After 30 seconds of adequate ventilation with 100% oxygen,
spontaneous breathing and heart rate should be checked. If spontaneous
respirations are present and the heart rate is
100 bpm,
positive-pressure ventilation may be gradually reduced and
discontinued. Gentle tactile stimulation may help maintain and improve
spontaneous respirations while free-flow oxygen is administered. If
spontaneous respirations are inadequate or if heart rate remains below
100 bpm, assisted ventilation must continue with bag and mask or
tracheal tube. If the heart rate is <60 bpm, continue assisted
ventilation, begin chest compressions, and consider endotracheal
intubation.
The key to successful neonatal resuscitation is establishment of adequate ventilation. Reversal of hypoxia, acidosis, and bradycardia depends on adequate inflation of fluid-filled lungs with air or oxygen.44 45 Although 100% oxygen has been used traditionally for rapid reversal of hypoxia, there is biochemical evidence and preliminary clinical evidence to argue for resuscitation with lower oxygen concentrations.46 47 48 Current clinical data, however, is insufficient to justify adopting this as routine practice.

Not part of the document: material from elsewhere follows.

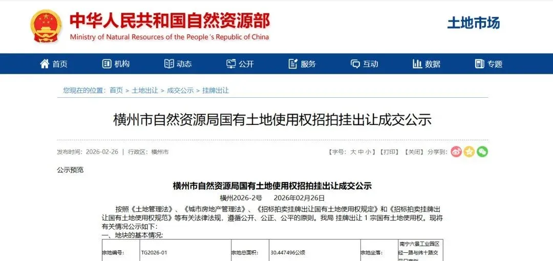 2月26日,广西壮族自治区南宁市横州市成交1宗工业用地,该地块由南宁太阳纸业有限公司斩获,成交价8130万元,成交楼面价297元/㎡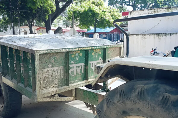 पुलिस ने बालू से भरी ट्रैक्टर.ट्राली पकड़ी, चालक मौके से फरार

If assisted ventilation is required, deliver 100% oxygen by positive-pressure ventilation. If supplemental oxygen is unavailable, initiate resuscitation of the newly born infant with positive-pressure ventilation and room air (Class Indeterminate, LOE 2).
Ventilation Bags
Resuscitation bags used for neonates should be no larger than 750
mL; larger bag volumes make it difficult to judge delivery of the small
tidal volumes (5 to 8 mL/kg) that newly born infants require. Bags for
neonatal resuscitation can be either self-inflating or
flow-inflating.
Self-Inflating Bags
The self-inflating bag refills independently of gas flow
because of the recoil of the bag. To permit rapid reinflation, most
bags of this type have an intake valve at one end that pulls in room
air, diluting the oxygen flowing into the bag at a fixed rate. Delivery
of high concentrations of oxygen (90% to 100%) with a self-inflating
bag requires an attached oxygen reservoir.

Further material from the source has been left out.